# Lake House Simulation

This notebook simulates a data lake house by loading multiple CSV files into a SQLite database. The data includes absence types, absences, contract basis, postcodes, salary statements, and work plans. The notebook demonstrates how to create database tables, inspect their structure, and query the data for further analysis.

In [None]:
"""
This cell imports CSV files into a SQLite database. It performs the following steps:
1. Reads multiple CSV files into a dictionary of pandas DataFrames.
2. Connects to a SQLite database (or creates one if it doesn't exist).
3. Cleans column names by stripping whitespace, converting to lowercase, and replacing spaces with underscores.
4. Writes each DataFrame to a corresponding table in the SQLite database, replacing the table if it already exists.
5. Closes the database connection after all tables are created.
"""
import sqlite3

import pandas as pd

# Fichiers déjà lus dans le dictionnaire
csv_files = {
    "absence_type": pd.read_csv(
        r"C:\Users\pieta\OneDrive\Bureau\Beyond Data Group\Beyond-Data-Group\csv\Absence_Type.csv",
        sep=";",
    ),
    "absence": pd.read_csv(
        r"C:\Users\pieta\OneDrive\Bureau\Beyond Data Group\Beyond-Data-Group\csv\ABSENCES.csv",
        sep=";",
    ),
    "contract_basis": pd.read_csv(
        r"C:\Users\pieta\OneDrive\Bureau\Beyond Data Group\Beyond-Data-Group\csv\CONTRACT_BASIS.csv",
        sep=";",
    ),
    "post_code": pd.read_csv(
        r"C:\Users\pieta\OneDrive\Bureau\Beyond Data Group\Beyond-Data-Group\csv\POSTCODES.csv",
        sep=";",
    ),
    "salary_statement": pd.read_csv(
        r"C:\Users\pieta\OneDrive\Bureau\Beyond Data Group\Beyond-Data-Group\csv\SALARY_STATEMENT.csv",
        sep=";",
    ),
    "work_plan": pd.read_csv(
        r"C:\Users\pieta\OneDrive\Bureau\Beyond Data Group\Beyond-Data-Group\csv\WORK_PLAN.csv",
        sep=";",
    ),
}

# Connexion à la base SQLite
conn = sqlite3.connect("fabric_sim.db")

for table_name, df in csv_files.items():
    df.columns = df.columns.str.strip().str.lower().str.replace(" ", "_")
    df.to_sql(table_name, conn, if_exists="replace", index=False)
    print(f"✅ Table '{table_name}' créée avec succès")

conn.close()

✅ Table 'absence_type' créée avec succès
✅ Table 'absence' créée avec succès
✅ Table 'contract_basis' créée avec succès
✅ Table 'post_code' créée avec succès
✅ Table 'salary_statement' créée avec succès
✅ Table 'work_plan' créée avec succès


In [None]:
def print_table_columns(*table_names):
    """
    Prints the column names of the specified tables in the SQLite database.

    Parameters:
    *table_names (str): Names of the tables whose column names are to be printed.

    The function connects to the SQLite database 'fabric_sim.db', retrieves the column
    information for each specified table using the PRAGMA table_info command, and prints
    the column names for each table.

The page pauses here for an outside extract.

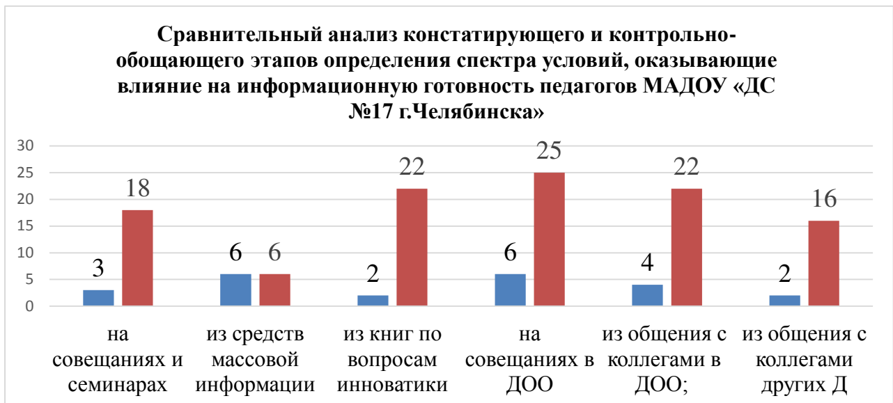
Рисунок 5 Сравнительный анализ констатирующего и контрольно-обобщающего этапов определения спектра условий, оказывающие влияние на информационную готовность педагогов МАДОУ «ДС №17 г. Челябинска»

Анализируя данные констатирующего и контрольно-обобщающего этапов определения спектра условий можно выделить влияние проведенных мероприятий по управленческому содействию развития инновационного потенциала педагогов на изменение показателей: количество педагогов, получающих информацию на совещаниях и семинарах выросло с 3 до 18

The database connection is closed after the operation.
    """
    conn = sqlite3.connect("fabric_sim.db")
    for table_name in table_names:
        query = f"PRAGMA table_info({table_name})"
        result = pd.read_sql_query(query, conn)
        print(f"Columns in table '{table_name}':")
        print(result["name"].tolist())
    conn.close()


# Example usage:
print_table_columns(
    "absence_type",
    "absence",
    "contract_basis",
    "post_code",
    "salary_statement",
    "work_plan",
)

Columns in table 'absence_type':
['type_absence', 'type_absence_fr']
Columns in table 'absence':
['firm_id', 'department_id', 'category_id', 'person_id', 'year', 'quarter', 'month', 'date', 'period', 'qty_illness_days', 'qty_z0_days', 'qty_z1_days', 'qty_z2_days', 'qty_z3_days', 'qty_p0_days', 'qty_p1_days', 'qty_p2_days', 'qty_p3_days', 'qty_a1_days', 'qty_a2_days', 'freq_z0_days', 'freq_z1_days', 'freq_z2_days', 'freq_z3_daqs', 'freq_p0_days', 'freq_p1_days', 'freq_p2_days', 'freq_p3_days', 'freq_a1_days', 'freq_a2_days', 'qty_days_worked', 'qty_working_days']
Columns in table 'contract_basis':
['contract_zip_code', 'firm_id', 'department_id', 'category_id', 'person_id', 'contract_start_date', 'contract_end_date', 'company_start_date', 'birth_date', 'contract_terminatio_reason', 'gender', 'nationality', 'contract_type']
Columns in table 'post_code':
['postcode', 'region_code', 'region']
Columns in table 'salary_statement':
['fdcp', 'gross_salary', 'net_salary', 'gross_salary_108', 'p

In [None]:
"""
This cell demonstrates how to read a specific table from the SQLite database into a pandas DataFrame.

Steps:
1. Connects to the SQLite database 'fabric_sim.db'.
2. Reads the entire 'absence_type' table into a pandas DataFrame using an SQL SELECT query.
3. Prints the column names of the DataFrame as a list.

The database connection remains open after the operation.
"""

# Example of reading a specific table
conn = sqlite3.connect("fabric_sim.db")
df_abs_type = pd.read_sql("SELECT * FROM absence_type", conn)

print(df_abs_type.columns.tolist())

['type_absence', 'type_absence_fr']